Advertisement

Sharon Fichman outplayed in Wimbledon debut

WIMBLEDON – Canadian Sharon Fichman had little grass-court experience at the highest level before taking Court 7 Tuesday.

And in some ways, it showed. She was outplayed by qualifier Timea Bacsinszky of Switzerland, and went down 6-1, 6-3. The match score would have looked even worse, had she not had a brief surge at the end as Bacsinzsky was trying to close it out.

Here are some photos from the match.

She had beaten Bacsinszky two of the last three times they had played – the most recent a comprehensive 6-2, 6-2, thumping in the final of a $100,000 event in France last month. And the one she lost was an absolute heartbreaker, in a third-set tiebreaker. But all those meetings were on clay. This was absolutely new territory.

Fichman had three matches at a lower-level event the second week of the French Open, and one match at the WTA Tour-level tournament in Birmingham two weeks ago before making her debut at the biggest one of them all.

Bacsinszky won that lower-level tournament, playing in Nottingham. And this was her fifth time in the Wimbledon main draw. Just 24 but seems much older than that because she's been around so long. Just turned 15, she was on a Swiss Fed Cup squad missing top players Martina Hingis and Patty Schnyder that came to a suburb of Montreal for a tie a decade ago and beat the young Canadian team and included a young Aleksandra Wozniak and Stéphanie Dubois.

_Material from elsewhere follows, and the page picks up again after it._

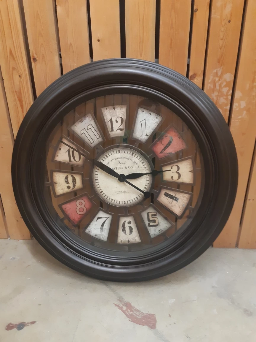 Large decorative wall clock with a dark brown frame. Features Roman numerals around the clock face. The clock face is comprised of various squares that have the numbers 1-12 on them. The clock has a black hands for the hour, minutes, and second. The clock requires 1 AA battery (not included). The clock is in good condition. The clock measures 36 inches in diameter.

She's had injuries; she's had crises of confidence and motivation, and that's how she found herself in the qualifying at Roehampton last week. But she's currently ranked No. 85, just one spot below Fichman although the rise came after the cutoff for Wimbledon qualifying.

But she strikes the ball beautifully. And on this occasion, she served very well. Anything Fichman produced that was short in the court – and there was a lot of it – was simply crushed.

The 23-year-old Canadian tried a few things here and there – drop shots, a couple of serve-and-volley plays – but there wasn't nearly enough of that, and her defence just wasn't effective enough to create any sort of doubt in Bacsinzsky's mind.

She was strong and consistent throughout, and Fichman's singles effort at this year's Wimbledon is over.

She'll now focus on the doubles, where she's playing with up-and-coming teenager Donna Vekic of Croatia, who upset No. 21 seed Roberta Vinci of Italy in singles Tuesday. They meet the team of Barbora Zahlavova Strycova and Kimiko Date-Krumm Wednesday.